Frequently asked questions

Why does RLHF use a reward model instead of asking humans to score every output directly?

Humans are unreliable at assigning absolute scores but consistent at picking the better of two outputs. RLHF collects pairwise preferences, fits a Bradley-Terry reward model to them, and then queries that model millions of times during PPO — far cheaper and lower-variance than putting a human in every training loop.

What is the KL penalty in RLHF and why is it needed?

The PPO objective subtracts β·KL(policy ‖ reference) from the reward. Without it the policy drifts far from the SFT model to maximize a reward model that is only accurate near the training distribution, producing fluent gibberish that scores high — classic reward hacking. The KL term tethers the policy to the reference, trading a little reward for staying in-distribution.

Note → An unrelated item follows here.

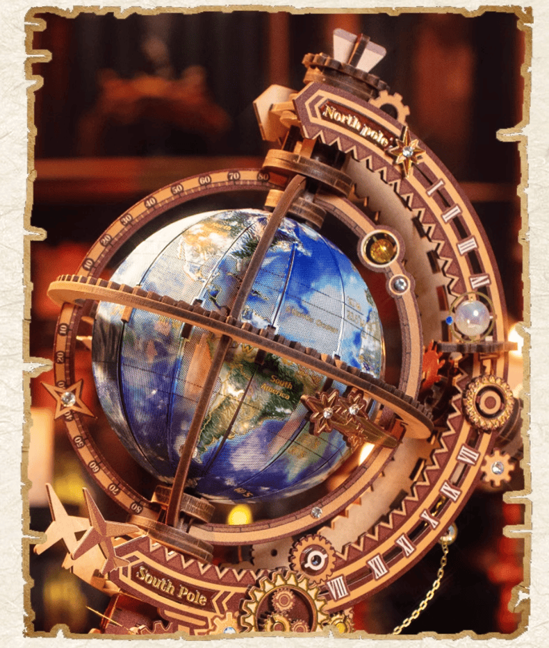 七大陸と四大洋が織りなす立体構造は、家にいながら世界を巡る旅へと誘います。さあ、探検家となって、没入感あふれる地球の夢幻旅行を始めましょう。

What are the three stages of RLHF?

1) Supervised fine-tuning (SFT): fine-tune the base model on high-quality human demonstrations. 2) Reward modeling: collect pairwise preference labels and train a reward model with a Bradley-Terry loss. 3) RL optimization: use PPO to maximize the reward model's score minus a KL penalty against the SFT model. The InstructGPT paper (Ouyang et al., 2022) defines this canonical pipeline.

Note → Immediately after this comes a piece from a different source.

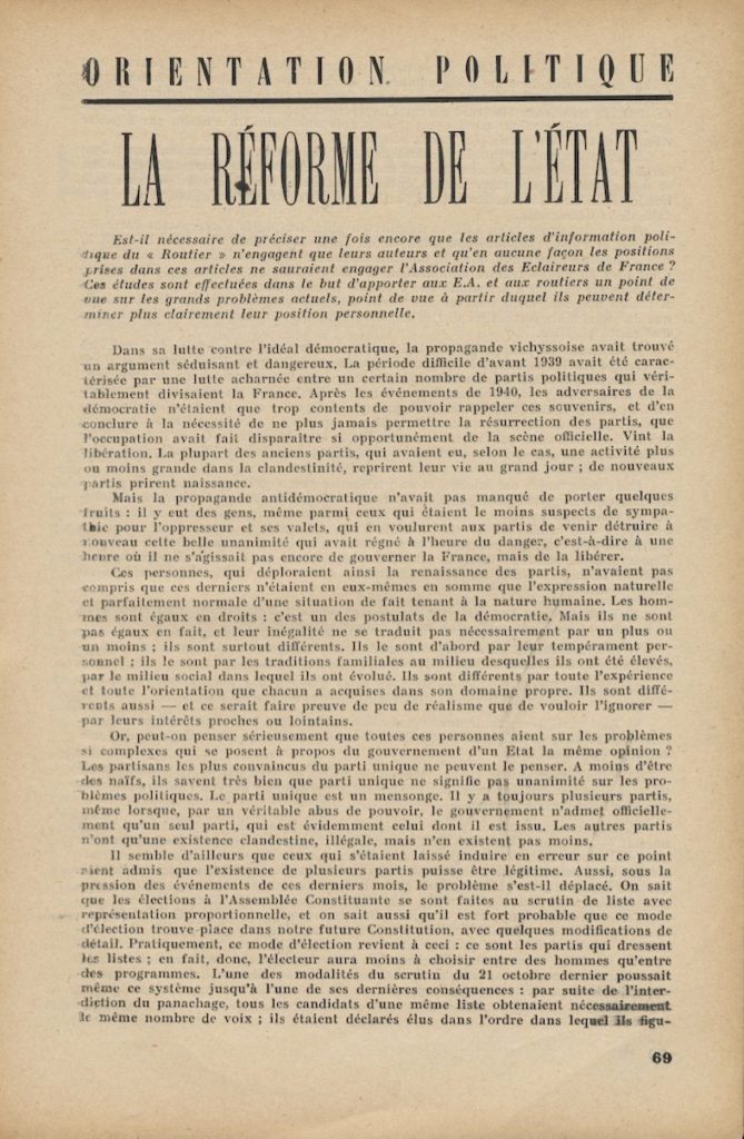 1946.02 et 03 : « Le Routier » aborde la réforme de l’État

How is RLHF different from DPO?

Direct Preference Optimization removes the explicit reward model and the RL loop entirely. It rewrites the KL-constrained RL objective so that the optimal policy IS its own implicit reward model, yielding a simple classification-style loss trained directly on preference pairs. DPO is far simpler and more stable to train but ties you to your fixed preference dataset; RLHF's separate reward model can be queried on fresh on-policy samples.

What is reward hacking in RLHF?

Reward hacking is when the policy finds outputs that score highly under the reward model but are bad by human standards — exploiting blind spots in an imperfect proxy. Common symptoms are excessive length, repeated flattery, and formulaic structure. Mitigations include the KL penalty, length-normalizing the reward, reward-model ensembles, and periodically retraining the reward model on fresh on-policy samples.

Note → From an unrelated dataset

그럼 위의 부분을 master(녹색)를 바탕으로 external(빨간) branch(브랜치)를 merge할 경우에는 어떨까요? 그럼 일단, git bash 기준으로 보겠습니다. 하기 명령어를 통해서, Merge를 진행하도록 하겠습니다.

How much human labeling does RLHF actually require?

Less than people expect. InstructGPT was trained on roughly 13k SFT demonstrations and about 33k reward-model prompts (each ranked into C(K,2) pairs, so hundreds of thousands of comparison labels), and the resulting 1.3B-parameter model was preferred over the 175B GPT-3 base. Llama 2 used over 1M human preference comparisons. The reward model amortizes that cost — it answers the billions of reward queries PPO needs without any further human input.